CRM 3-55 cm, from light gray-brown to red, fresh, slightly compacted, sandy loam-light loamy, caviar structure, eggs up to 1-2 mm in diameter, rare roots up to 1 cm in diameter, the transition is clear due to the absence of oglenii, the border is wavy.

C 55-70 (72) cm, light gray-brown, fresh, compacted, sandy loam-light loamy, finely lumpy, signs of horizontal divisibility are observed in the lower part, single roots with a diameter of up to 0.5 cm, the transition is clear by the presence of gluing and layering, the border is slightly wavy.

CG 70(72) ... cm, from light gray-brown to bluish and red, moist, compacted, light-medium loamy, structureless, layered, loose dark brown iron-manganese nodules, the transition is not opened.
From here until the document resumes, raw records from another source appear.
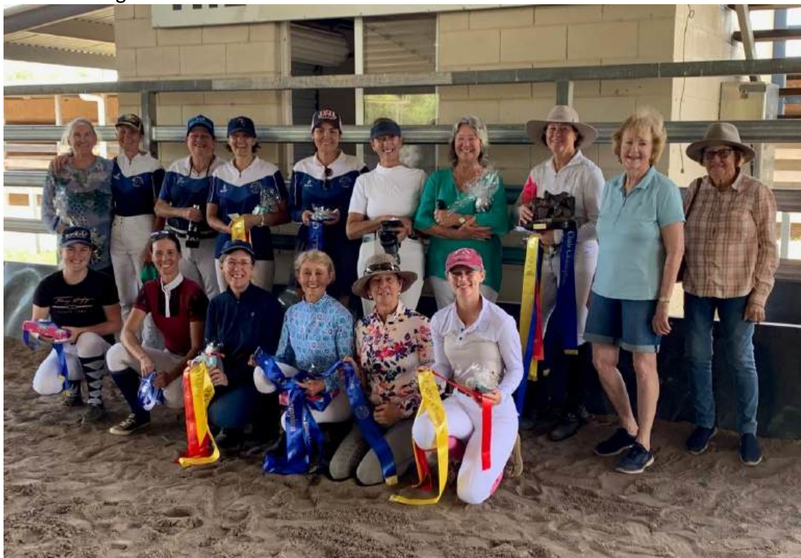
Winners, Judges & Committee members
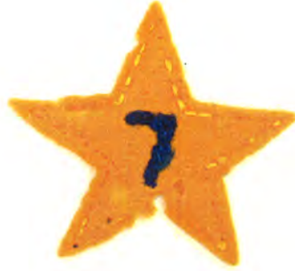
1934 SUMMER CAMP PATCH ISSUED BY TROOP 7-KCK
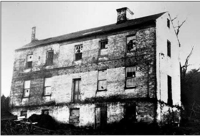
Historic photograph of the Torthorwald plantation house prior to demolition for Fairlington's development.
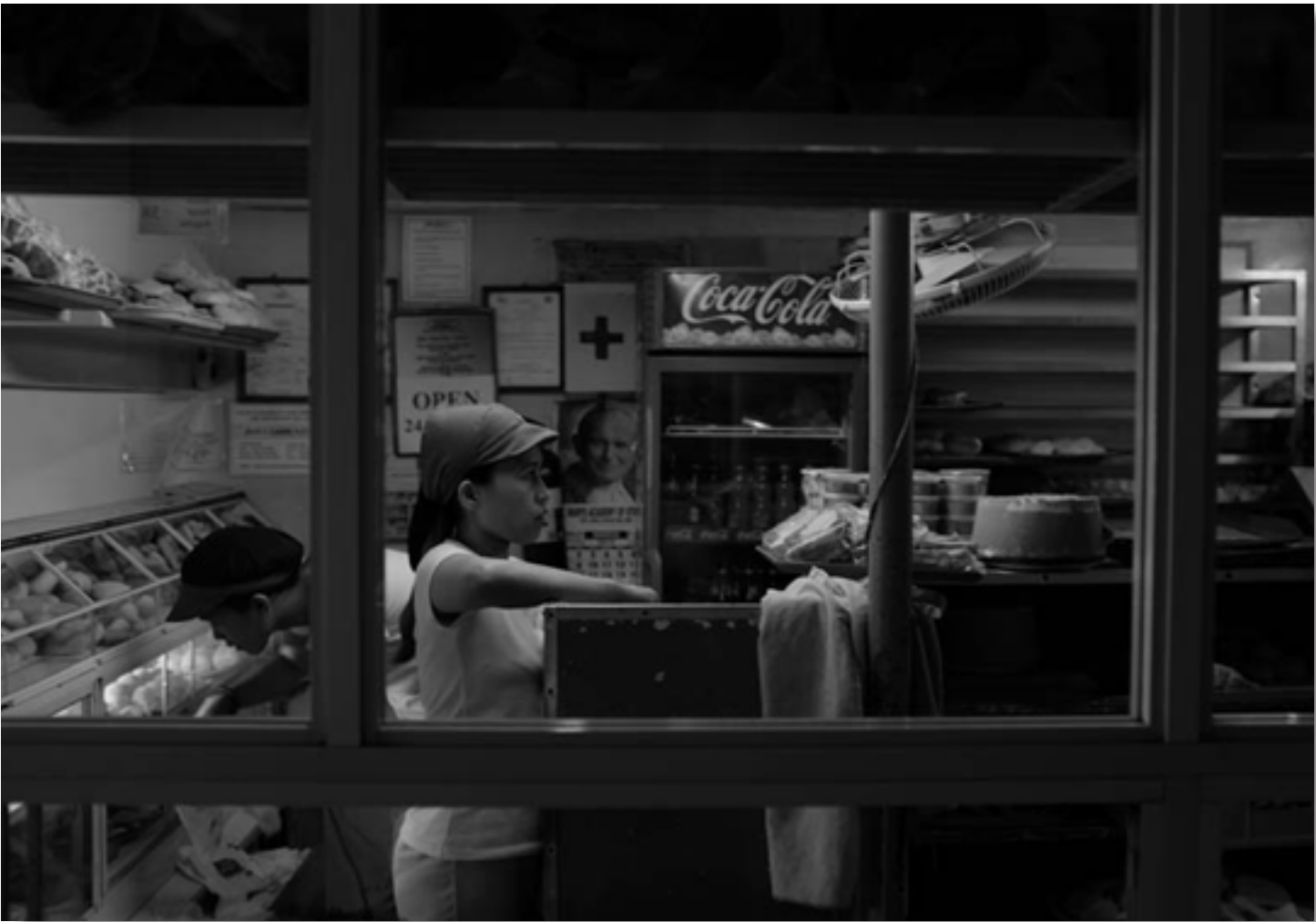
Morning rush hour at Julie’s Bakery.
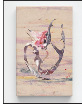
CW Landon Heuristic Bloom, 2024 Signed CW Landon 2024 Oil and acrylic on canvas 25cm x 40cm
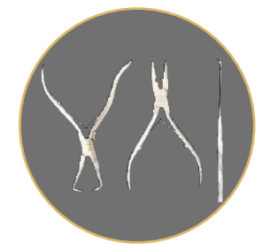
Stainless Plier Set
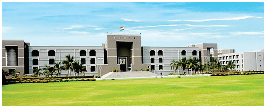
The court has directed the Secretary of the Gujarat Home Department to furnish a detailed action-taken report.
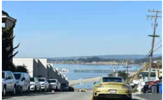
On the way to Watsonville

After the tour, we headed into the pristine agriculture lands of Watsonville. Each unique crop stood out from the rest. Cruising along the San Andreas Road soon brought us to La Selva Beach, with views of the oceans and Seascape Resort. Onward we drove entering Rio Del Mar and an interesting traffic drive up Spreckles Drive. Highway One had an accident and lots of drivers thought to escape on to Soquel Ave. Bad choice, they soon learned!

Description of the right part of the soil profile:

H 0-11 cm, dark brown, medium degree of decomposition of organic residues, abundantly permeated with the roots of alpine arctous, shiksha, dwarf willow, dwarf willow, dwarf birch, etc. types of plants, valzhny, curd, smearing, the transition is sharp in color and composition of the horizon, the border is wavy.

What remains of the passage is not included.